* _What to do_
Could you copy the data that follows exactly as written, but drop the pictures?

******************************

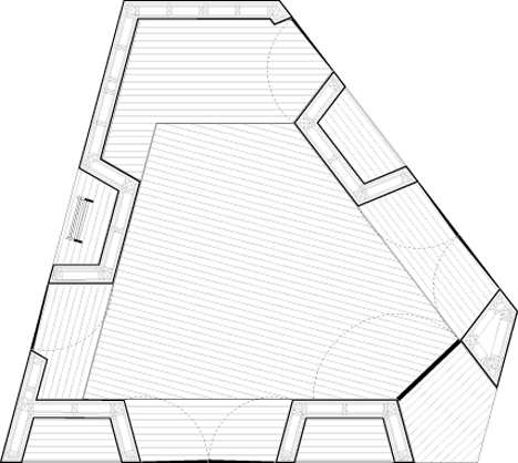 小屋有一个设置在深处的开口和凹进,叠起通向屋顶露台的阶梯。
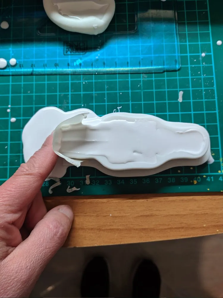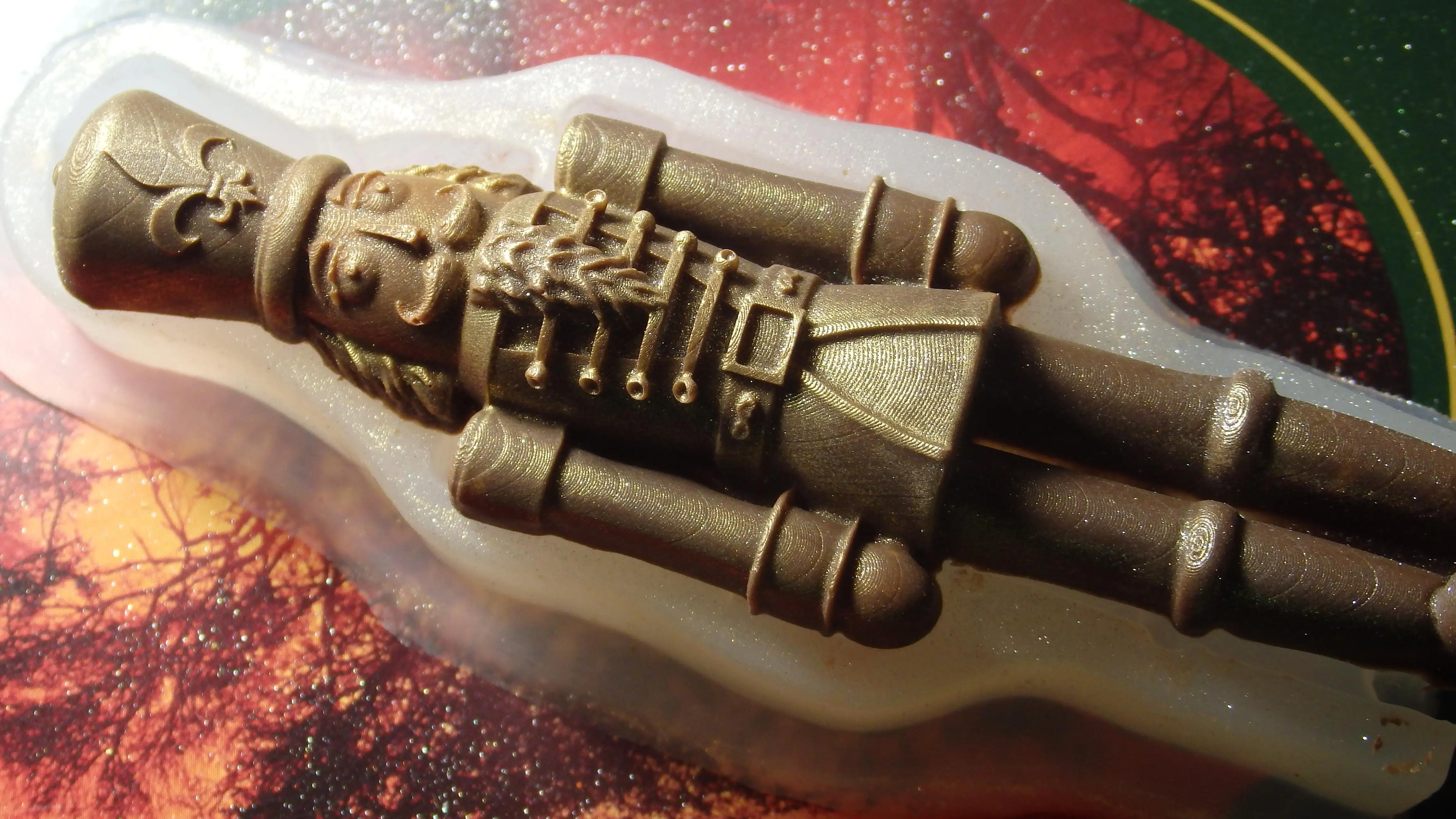 Молд хороший, но невозможно работать с жидким материалом. Через ноги солдата все вытекает. Только полимерная глина, пластилин или кондитерская смесь. Гипс и смола вытекает. Сейчас придумываю, чем закрепить низ. Неудобно.
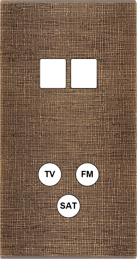 Façade Fascination en laiton massif finition Coslan double verticale 2 MEDIA TV-FM-SAT magnétique. Dimensions : 151x80x5mm, deux chanfreins biseautés. Fabriqué en France, dans les ateliers de Steaven Richard.
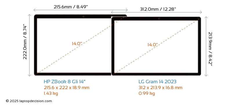 HDMIBoth ZBook 8 G1i 14" and Gram 14 2023 feature an HDMI port. ZBook 8 G1i 14" offers 1x HDMI 2.1, while Gram 14 2023 offers 1x HDMI 2.0.
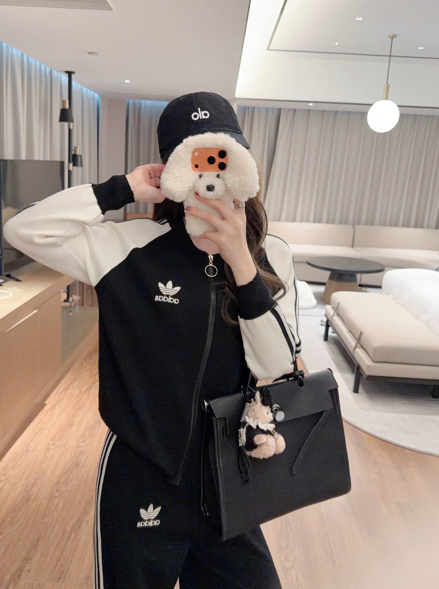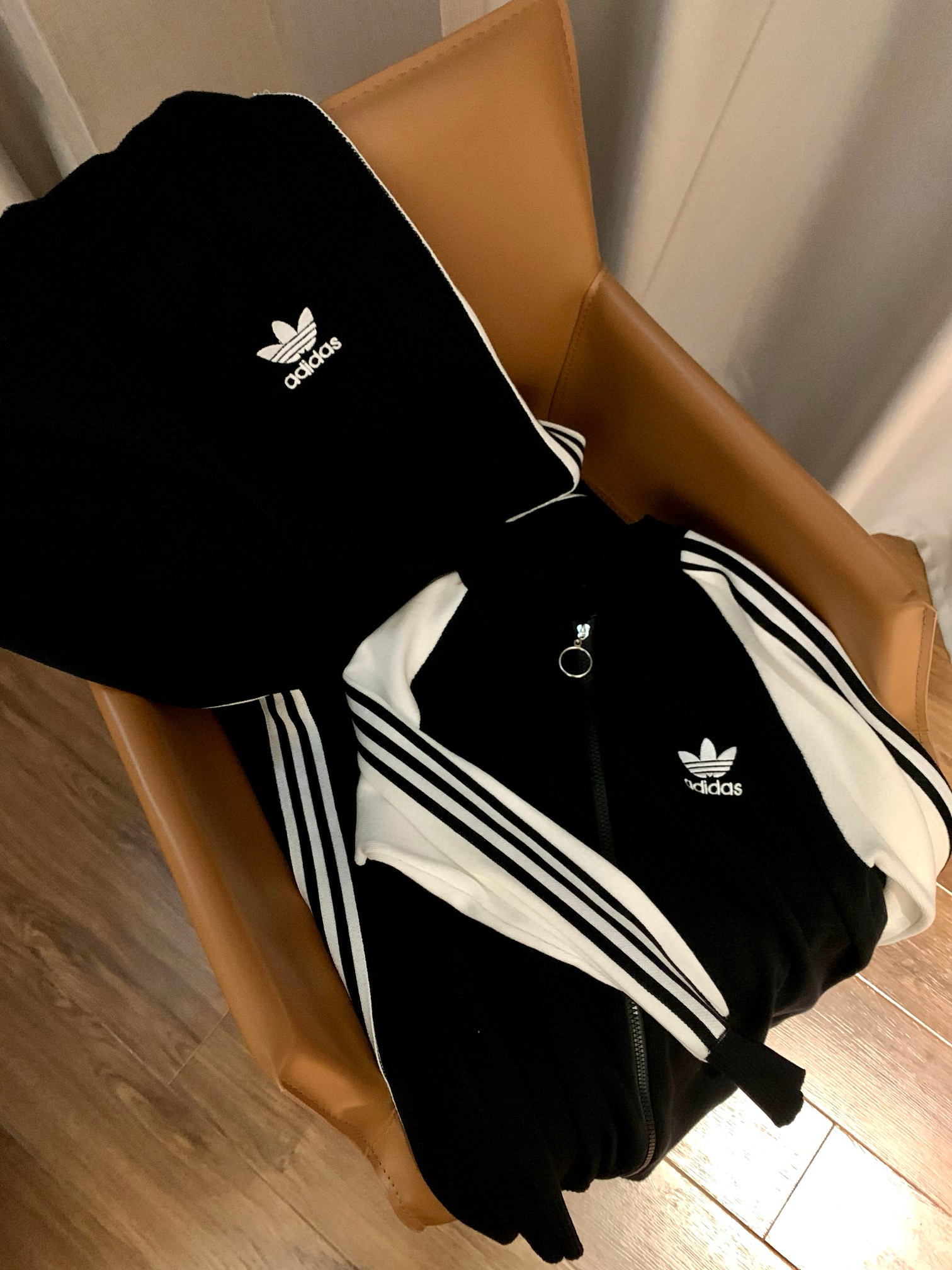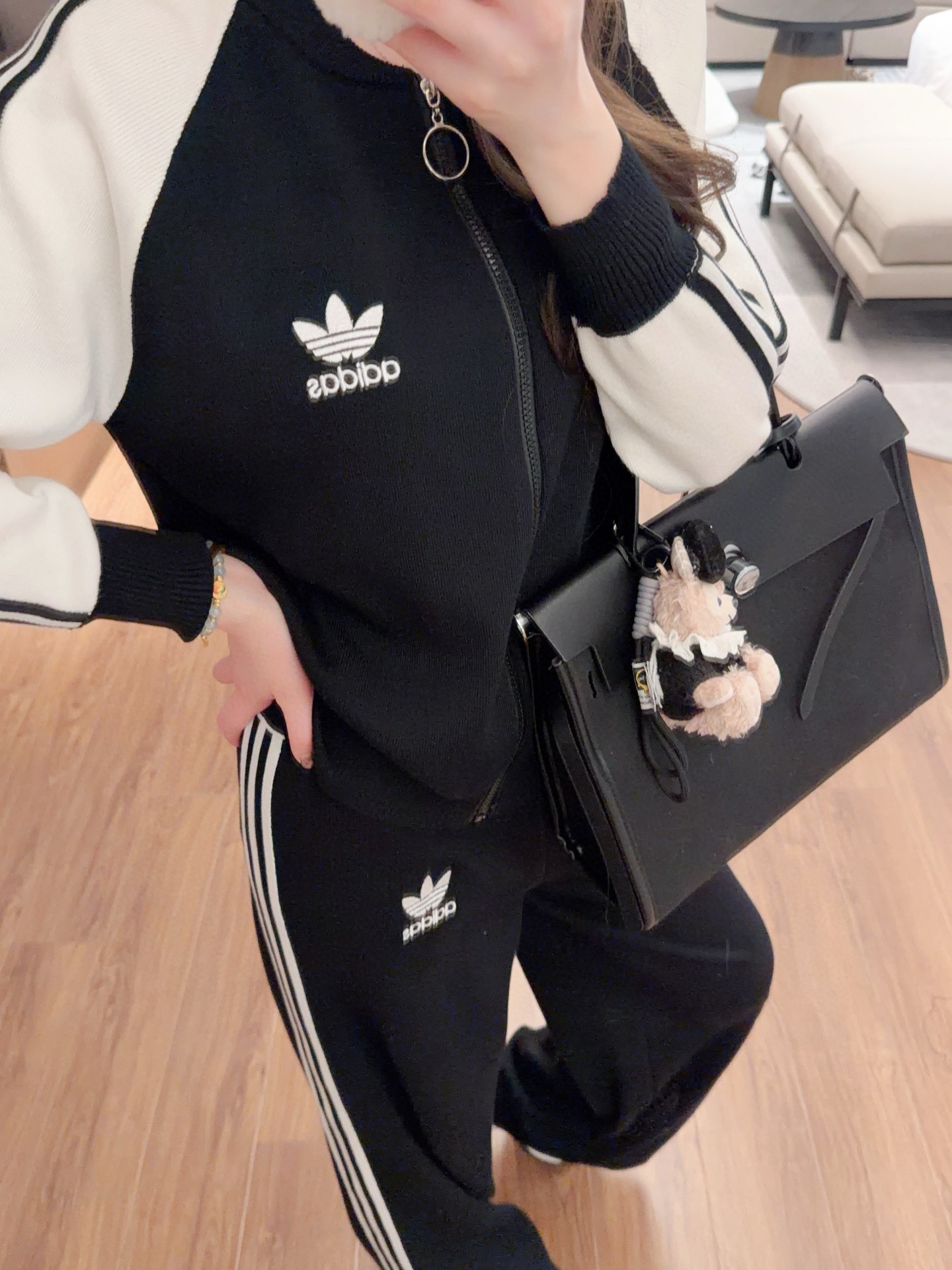 Adidas 阿迪达斯AD三叶草字母logo刺绣拼色拉链开衫长裤针织套装
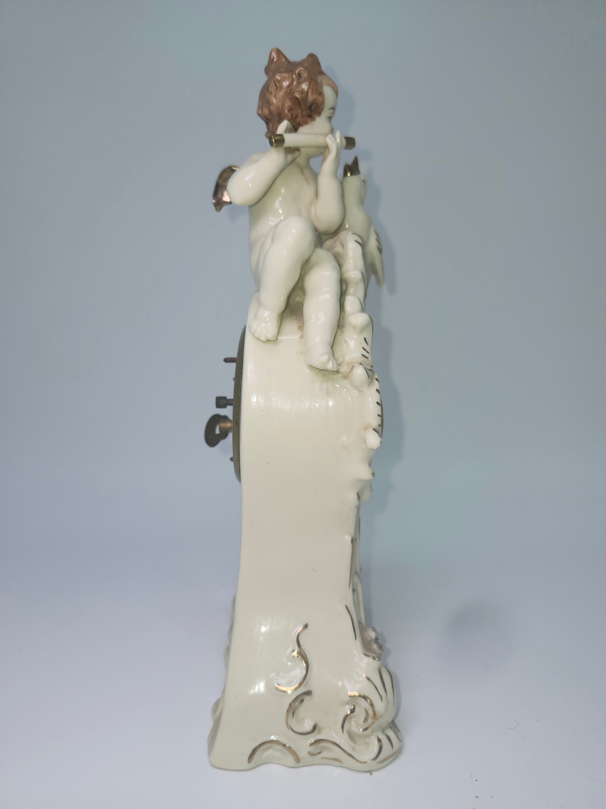19th Century Dresden Porcelain Bisque Cherub Wind-up Clock, made in Germany.
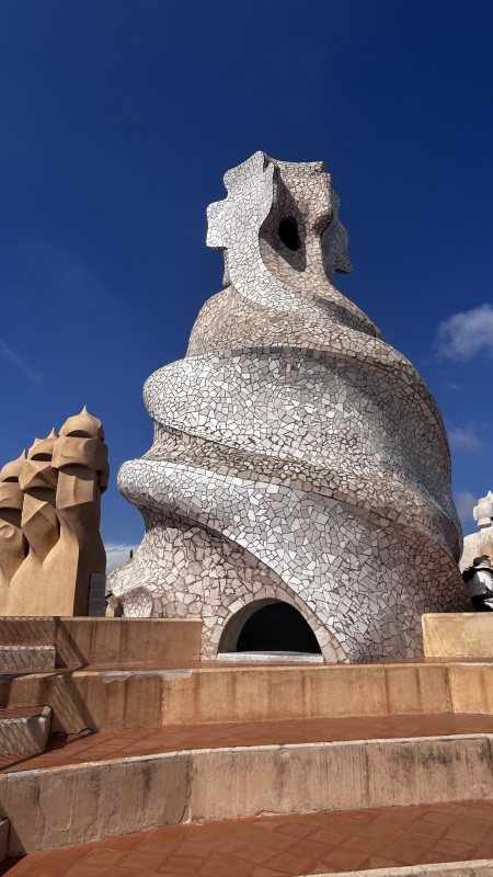 Next up was an amazing lunch (all the food here is so good) and then a trip to Casa Milà (also designed by Gaudi) which is an incredible apartment block featuring his trademark design details (including some wonderful geometric structure work) and again an amazing roof full of unique adornment.
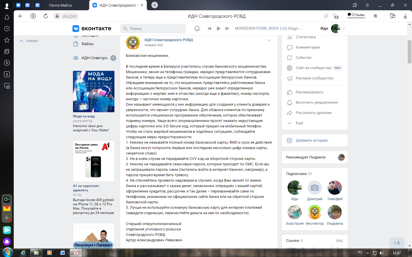Обращаем внимание на то, что мошенники, представляясь работниками банка или Ассоциации белорусских банков, нередко уже знают определенную информацию о жертве: имя и отчество (иногда еще и фамилию), номер паспорта, иногда — частично номер карточки.
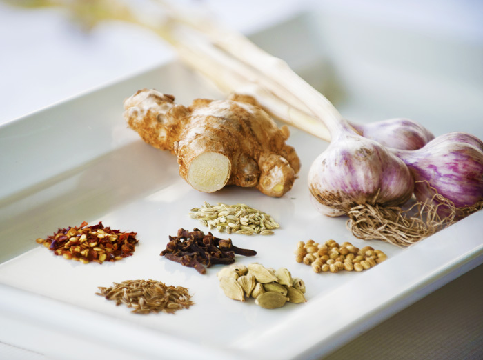| Some of the spices used – ginger, garlic {grown outside Brisbane}, coriander, cardamom, cloves, cumin, chilli, fennel |
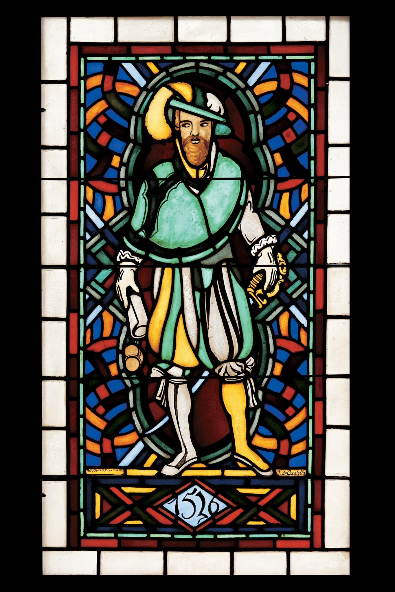 Un messager, en habit du XVIe siècle, tient dans ses mains un parchemin et une épée.

******************************

* _Your solution_
 小屋有一个设置在深处的开口和凹进,叠起通向屋顶露台的阶梯。
 Молд хороший, но невозможно работать с жидким материалом. Через ноги солдата все вытекает. Только полимерная глина, пластилин или кондитерская смесь. Гипс и смола вытекает. Сейчас придумываю, чем закрепить низ. Неудобно.
 Façade Fascination en laiton massif finition Coslan double verticale 2 MEDIA TV-FM-SAT magnétique. Dimensions : 151x80x5mm, deux chanfreins biseautés. Fabriqué en France, dans les ateliers de Steaven Richard.
 HDMIBoth ZBook 8 G1i 14" and Gram 14 2023 feature an HDMI port. ZBook 8 G1i 14" offers 1x HDMI 2.1, while Gram 14 2023 offers 1x HDMI 2.0.
 Adidas 阿迪达斯AD三叶草字母logo刺绣拼色拉链开衫长裤针织套装
19th Century Dresden Porcelain Bisque Cherub Wind-up Clock, made in Germany.
 Next up was an amazing lunch (all the food here is so good) and then a trip to Casa Milà (also designed by Gaudi) which is an incredible apartment block featuring his trademark design details (including some wonderful geometric structure work) and again an amazing roof full of unique adornment.
Обращаем внимание на то, что мошенники, представляясь работниками банка или Ассоциации белорусских банков, нередко уже знают определенную информацию о жертве: имя и отчество (иногда еще и фамилию), номер паспорта, иногда — частично номер карточки.
| Some of the spices used – ginger, garlic {grown outside Brisbane}, coriander, cardamom, cloves, cumin, chilli, fennel |
 Un messager, en habit du XVIe siècle, tient dans ses mains un parchemin et une épée.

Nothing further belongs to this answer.